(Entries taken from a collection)
※ ※ ※
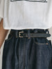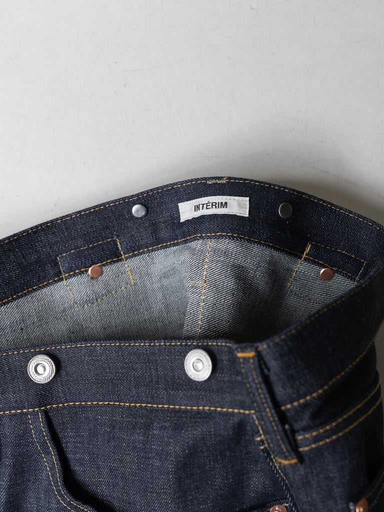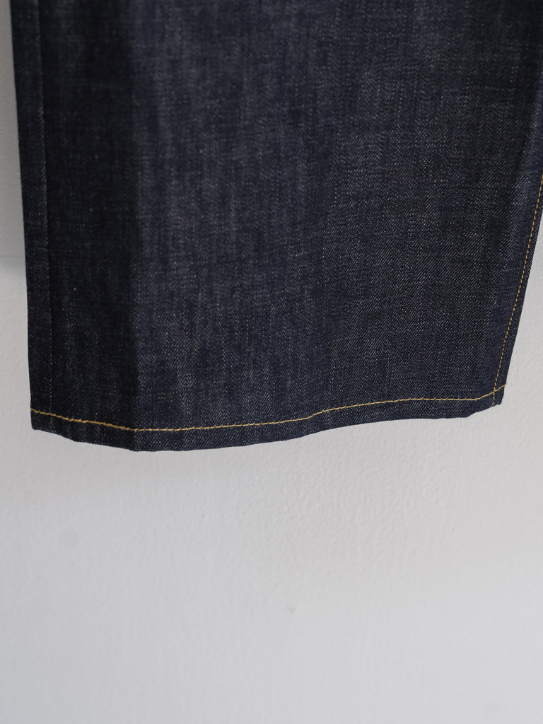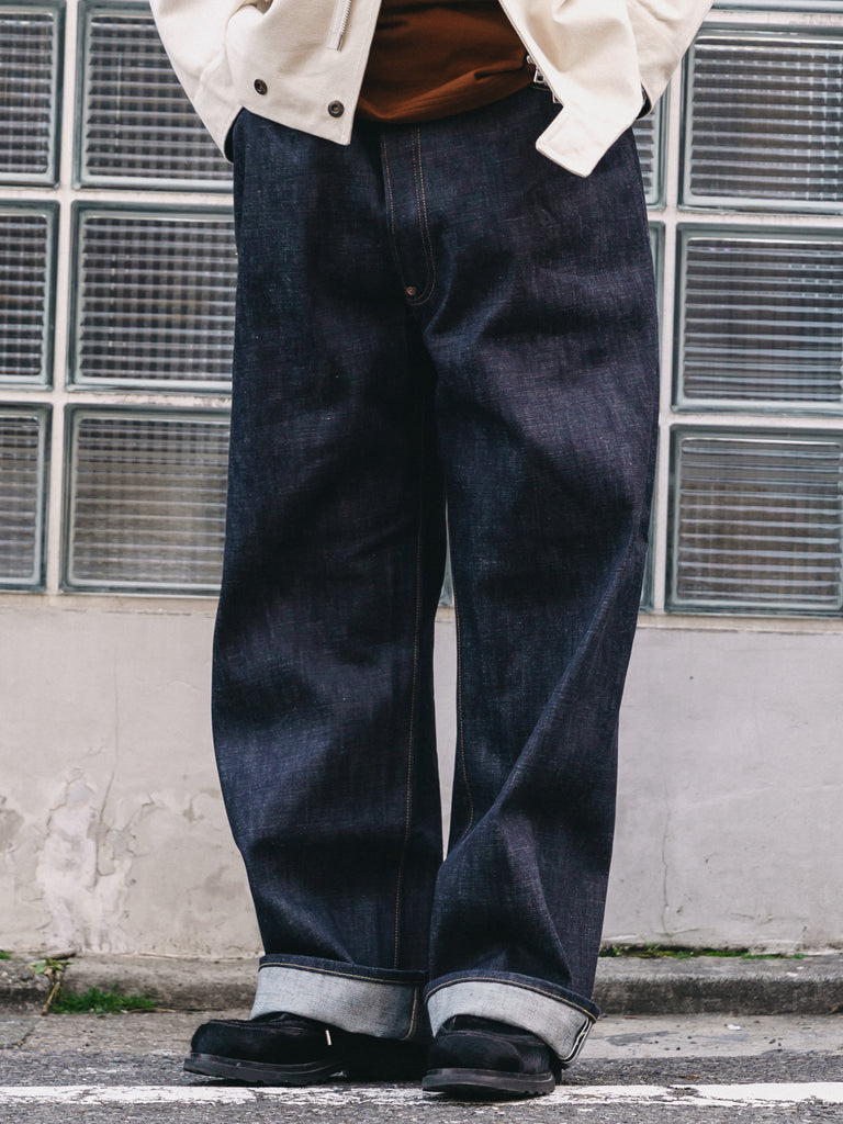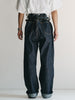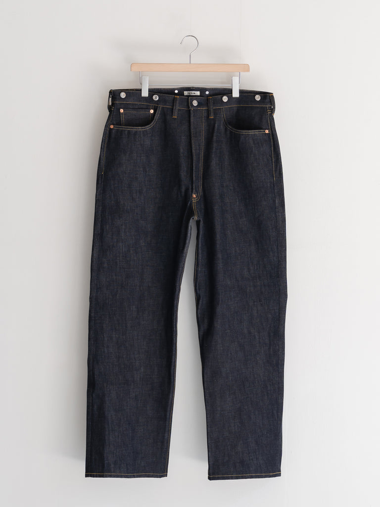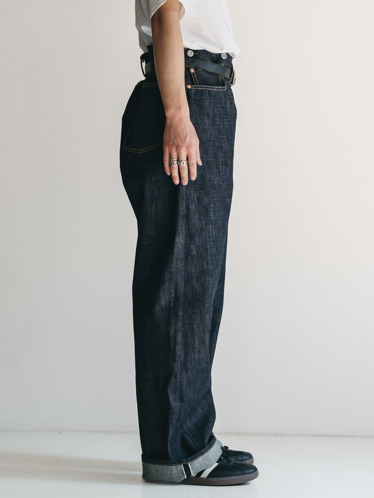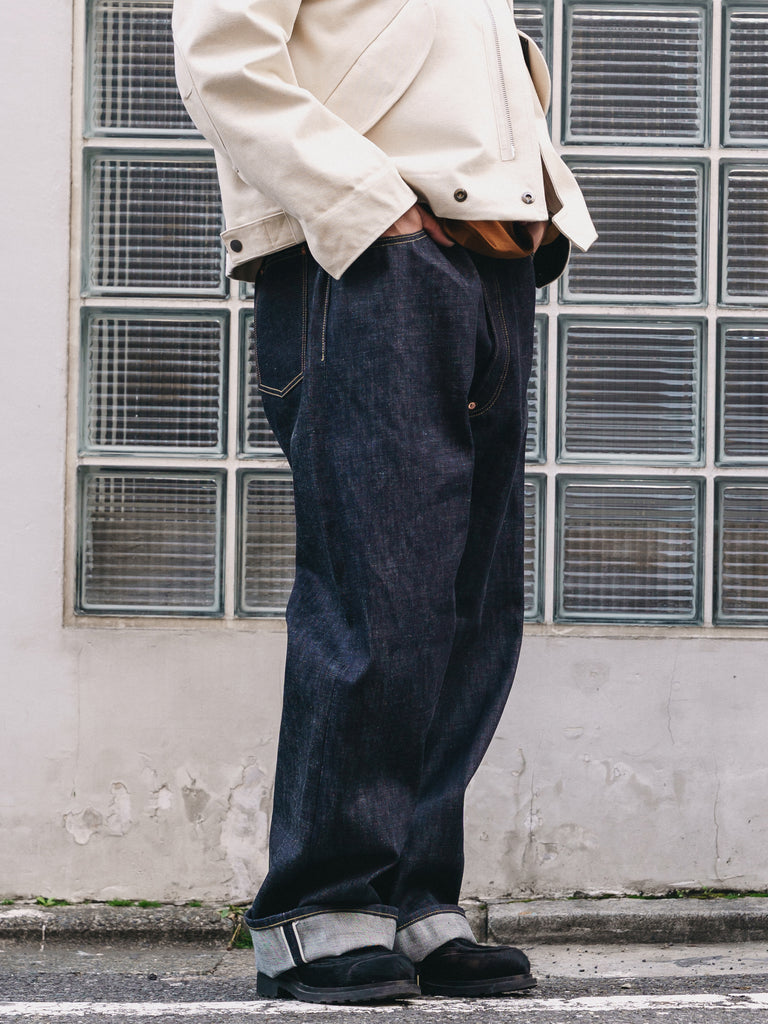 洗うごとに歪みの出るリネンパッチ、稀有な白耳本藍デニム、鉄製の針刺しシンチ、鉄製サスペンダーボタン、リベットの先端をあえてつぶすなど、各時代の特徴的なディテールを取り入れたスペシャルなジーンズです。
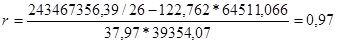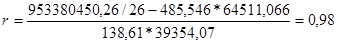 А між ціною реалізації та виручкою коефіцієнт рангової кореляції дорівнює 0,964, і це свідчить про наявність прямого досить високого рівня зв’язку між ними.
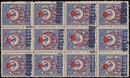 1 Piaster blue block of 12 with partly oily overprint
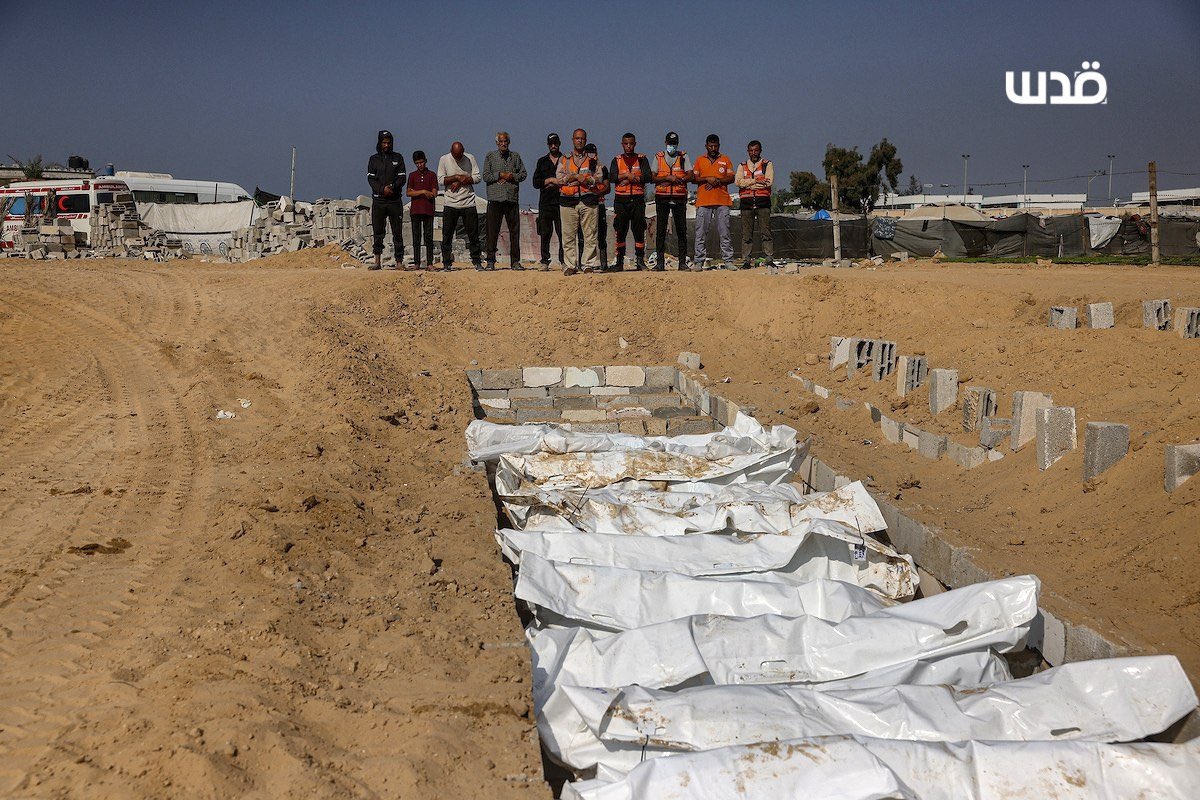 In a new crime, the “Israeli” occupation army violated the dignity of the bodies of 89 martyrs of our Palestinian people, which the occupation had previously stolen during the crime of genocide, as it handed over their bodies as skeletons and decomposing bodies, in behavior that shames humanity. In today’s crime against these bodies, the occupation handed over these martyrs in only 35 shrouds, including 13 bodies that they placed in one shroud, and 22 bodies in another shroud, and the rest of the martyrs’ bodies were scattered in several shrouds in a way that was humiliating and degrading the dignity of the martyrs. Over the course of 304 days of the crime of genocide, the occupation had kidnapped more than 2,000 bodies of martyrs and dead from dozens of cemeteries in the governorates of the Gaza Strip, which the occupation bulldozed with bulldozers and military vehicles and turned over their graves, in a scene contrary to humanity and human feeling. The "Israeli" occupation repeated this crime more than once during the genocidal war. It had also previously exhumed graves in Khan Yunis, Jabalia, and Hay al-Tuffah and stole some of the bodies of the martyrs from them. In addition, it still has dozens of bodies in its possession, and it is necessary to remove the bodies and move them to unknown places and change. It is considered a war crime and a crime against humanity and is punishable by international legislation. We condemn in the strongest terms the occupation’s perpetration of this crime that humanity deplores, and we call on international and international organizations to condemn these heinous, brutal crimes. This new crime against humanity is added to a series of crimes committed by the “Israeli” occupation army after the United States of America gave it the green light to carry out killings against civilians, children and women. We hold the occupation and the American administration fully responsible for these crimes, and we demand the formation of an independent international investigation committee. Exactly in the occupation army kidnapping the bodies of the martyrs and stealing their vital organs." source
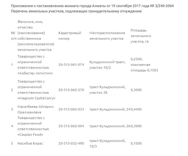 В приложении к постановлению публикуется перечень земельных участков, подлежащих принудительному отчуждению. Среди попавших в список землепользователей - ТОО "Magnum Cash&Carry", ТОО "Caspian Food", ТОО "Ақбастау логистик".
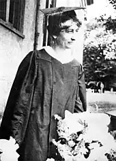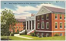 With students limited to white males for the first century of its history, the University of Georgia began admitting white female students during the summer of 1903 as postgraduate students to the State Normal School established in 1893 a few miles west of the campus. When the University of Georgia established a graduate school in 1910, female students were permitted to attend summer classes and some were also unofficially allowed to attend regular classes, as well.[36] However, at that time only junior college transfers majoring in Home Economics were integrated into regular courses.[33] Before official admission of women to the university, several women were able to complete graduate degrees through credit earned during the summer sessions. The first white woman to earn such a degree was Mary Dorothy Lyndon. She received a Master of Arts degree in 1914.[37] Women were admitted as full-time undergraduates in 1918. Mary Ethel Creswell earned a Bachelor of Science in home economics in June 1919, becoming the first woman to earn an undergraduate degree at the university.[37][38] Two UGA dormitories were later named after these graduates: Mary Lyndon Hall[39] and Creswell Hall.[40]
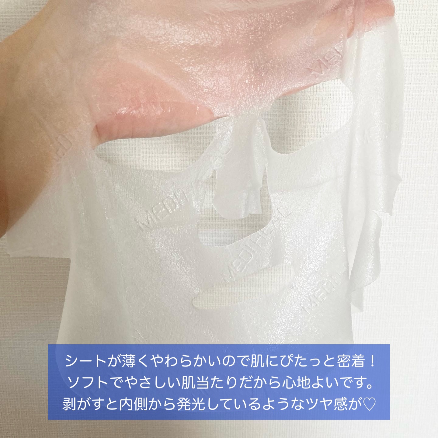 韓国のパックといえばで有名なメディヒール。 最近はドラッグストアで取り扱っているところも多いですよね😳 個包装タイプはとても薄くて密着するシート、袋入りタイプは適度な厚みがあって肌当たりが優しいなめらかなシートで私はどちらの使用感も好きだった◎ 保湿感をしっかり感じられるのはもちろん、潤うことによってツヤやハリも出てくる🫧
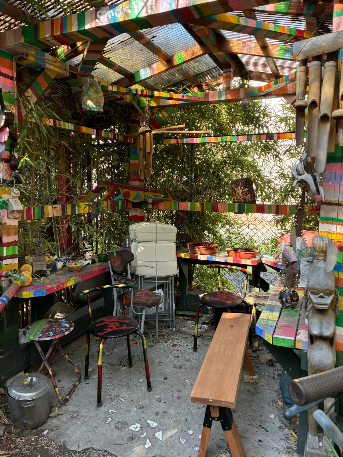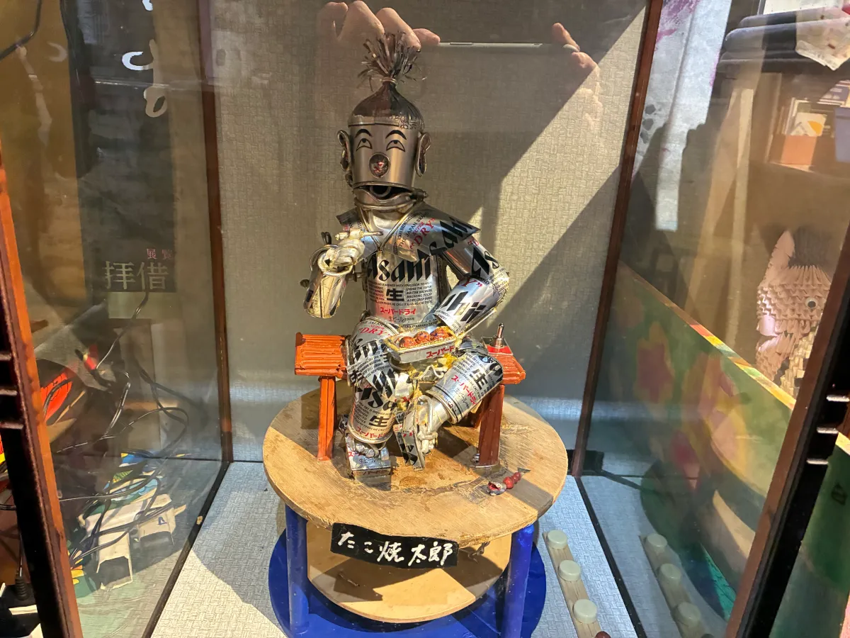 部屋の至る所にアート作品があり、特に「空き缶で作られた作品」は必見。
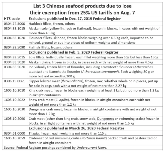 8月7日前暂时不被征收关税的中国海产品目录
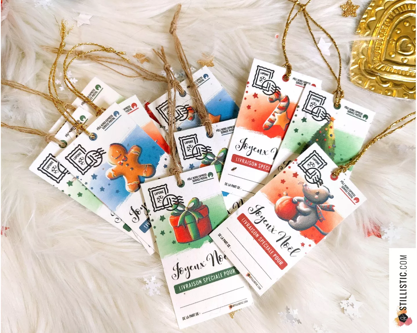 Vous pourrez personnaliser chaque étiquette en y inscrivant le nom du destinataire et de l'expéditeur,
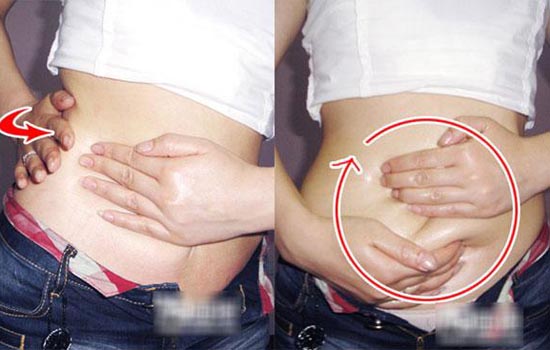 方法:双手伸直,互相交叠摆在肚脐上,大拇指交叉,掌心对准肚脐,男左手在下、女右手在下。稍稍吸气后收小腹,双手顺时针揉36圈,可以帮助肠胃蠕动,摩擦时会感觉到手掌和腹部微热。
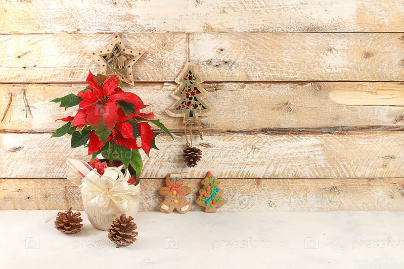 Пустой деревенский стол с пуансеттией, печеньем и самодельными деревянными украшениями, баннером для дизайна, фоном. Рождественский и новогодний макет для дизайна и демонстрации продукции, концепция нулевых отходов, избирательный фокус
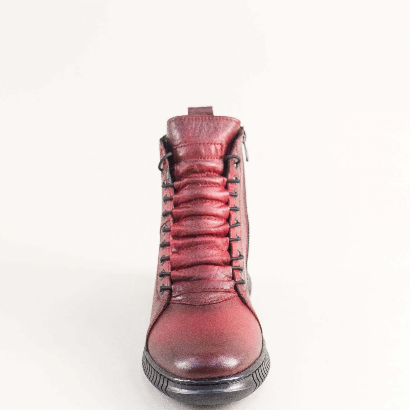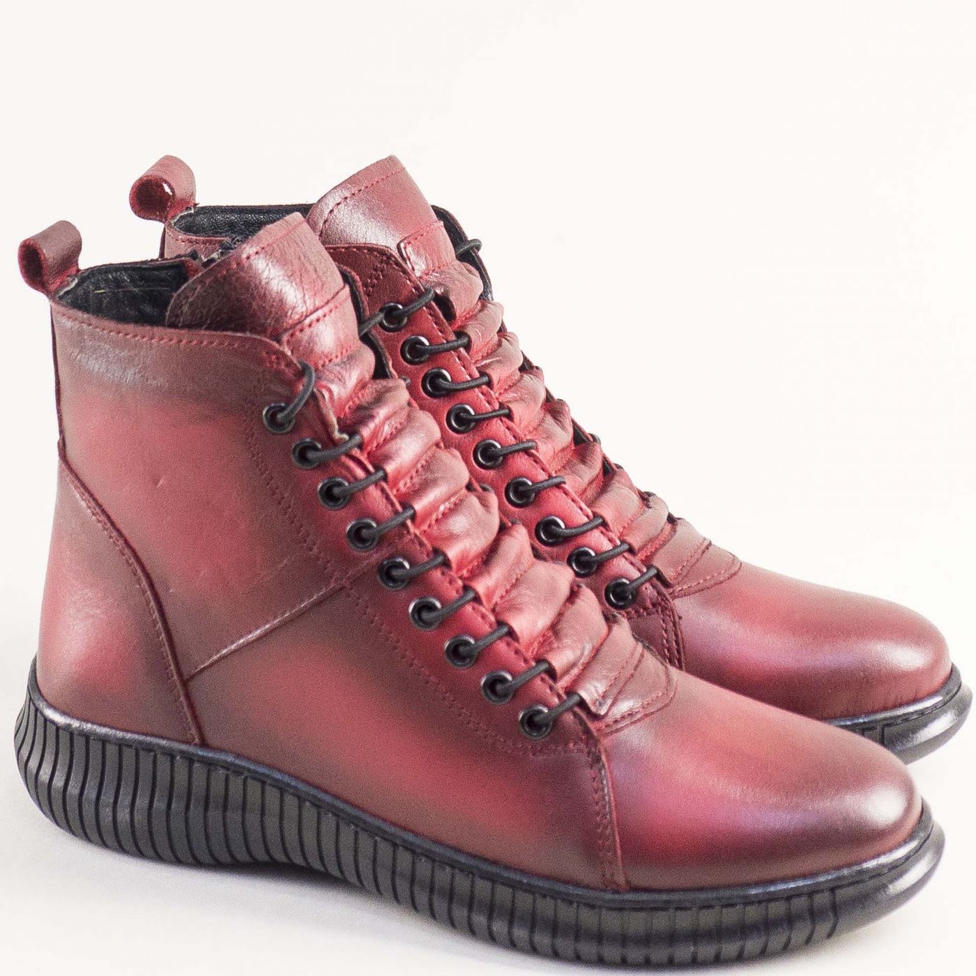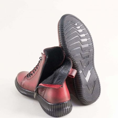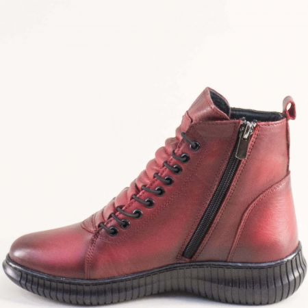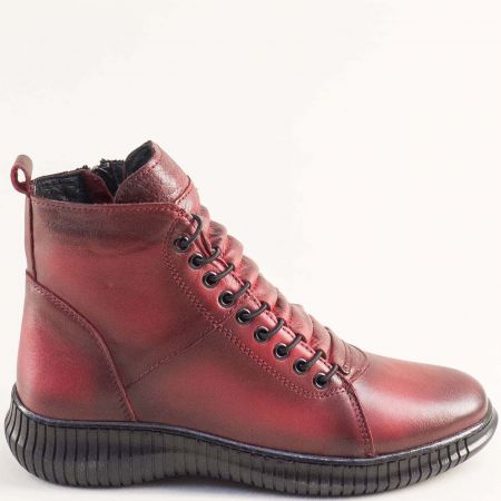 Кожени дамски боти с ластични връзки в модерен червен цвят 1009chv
※ ※ ※
The task: Drop the pictures; return the lines above from the line containing "8月7日前暂时不被征收关税的中国海产品目录" to the line containing "方法:双手伸直,互相交叠摆在", both included, exactly.

Written response:
 8月7日前暂时不被征收关税的中国海产品目录
 Vous pourrez personnaliser chaque étiquette en y inscrivant le nom du destinataire et de l'expéditeur,
 方法:双手伸直,互相交叠摆在肚脐上,大拇指交叉,掌心对准肚脐,男左手在下、女右手在下。稍稍吸气后收小腹,双手顺时针揉36圈,可以帮助肠胃蠕动,摩擦时会感觉到手掌和腹部微热。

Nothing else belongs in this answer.